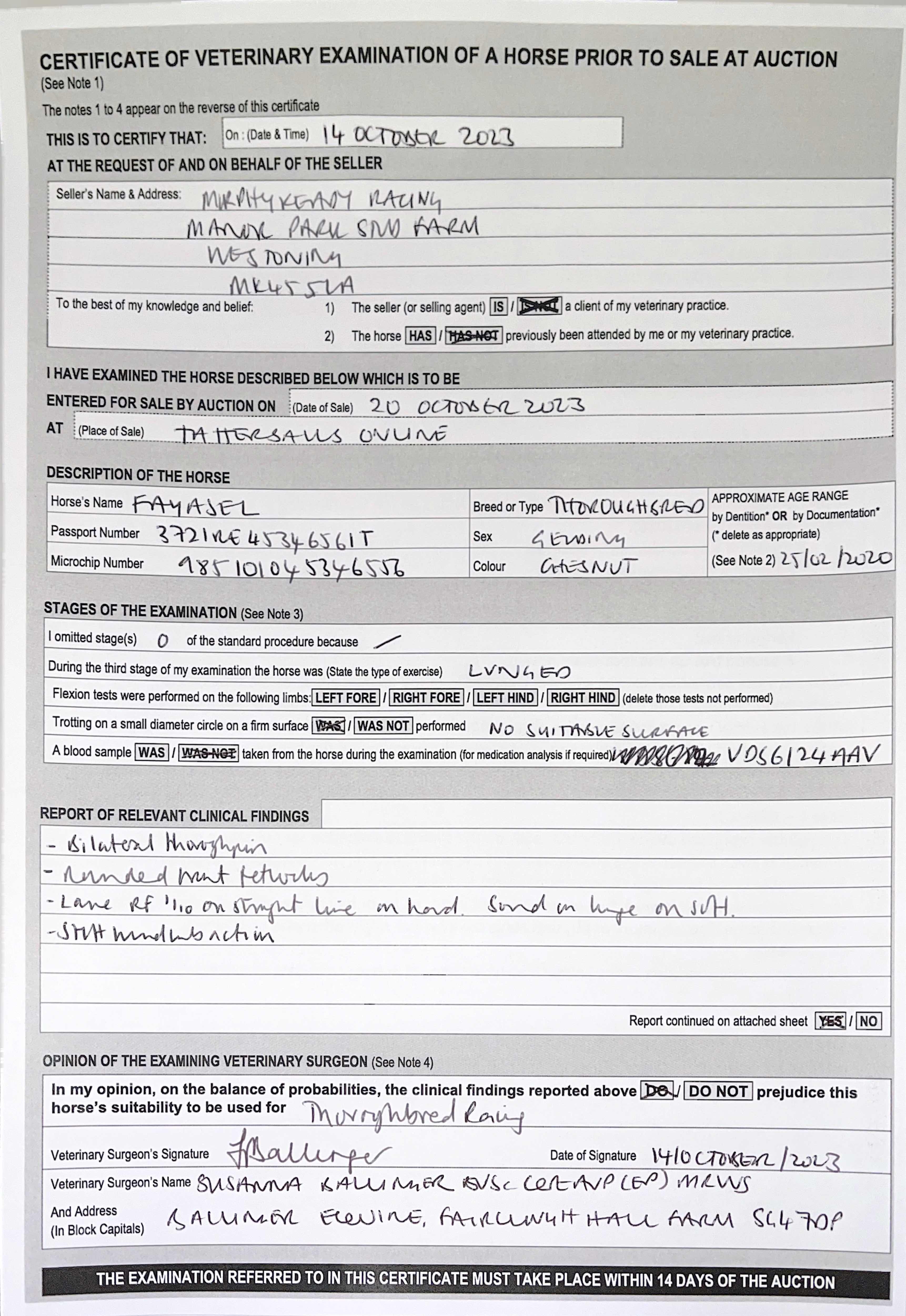 Friday 13 October:  Sold as a HORSE IN TRAINING
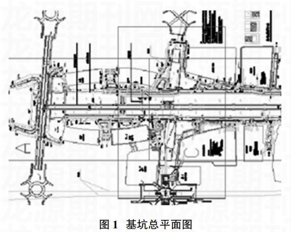来福士商业广场地下空间项目是目前市规模最大与最重要的地下空间开发项目。该项目是地下城市综合体,其发展被准确的定位,建设城市交通设施是主要的工作,将地理位置合理有效利用,将区内的商业资源高效整合,对CBD商务活动提供服务,该项目将交通基础设施、景观、商业、文娱、商务、市政、仓储物流等功能集中起来发展。该项目开挖的基坑支护工程面积为3万平方米左右。图1展示的基坑总平面图。
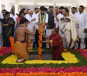 Amid the chanting of Vedic hymns by priests, CM Reddy participated in the rituals for ‘Bhoomi Puja’ to set up the statue of Telangana Talli.
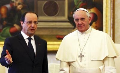 لقاء لافت جمع اليوم فرنسوا هولاند الرئيس الفرنسي الاشتراكي وفرانسيس بابا الفاتيكان. لقاء هو الثاني بين الرجلين منذ وصول

=-=-=

Problem to solve> Word for word, write out the whole listing, keeping none of the pictures.

Reply>
 Friday 13 October:  Sold as a HORSE IN TRAINING
来福士商业广场地下空间项目是目前市规模最大与最重要的地下空间开发项目。该项目是地下城市综合体,其发展被准确的定位,建设城市交通设施是主要的工作,将地理位置合理有效利用,将区内的商业资源高效整合,对CBD商务活动提供服务,该项目将交通基础设施、景观、商业、文娱、商务、市政、仓储物流等功能集中起来发展。该项目开挖的基坑支护工程面积为3万平方米左右。图1展示的基坑总平面图。
 Amid the chanting of Vedic hymns by priests, CM Reddy participated in the rituals for ‘Bhoomi Puja’ to set up the statue of Telangana Talli.
 لقاء لافت جمع اليوم فرنسوا هولاند الرئيس الفرنسي الاشتراكي وفرانسيس بابا الفاتيكان. لقاء هو الثاني بين الرجلين منذ وصول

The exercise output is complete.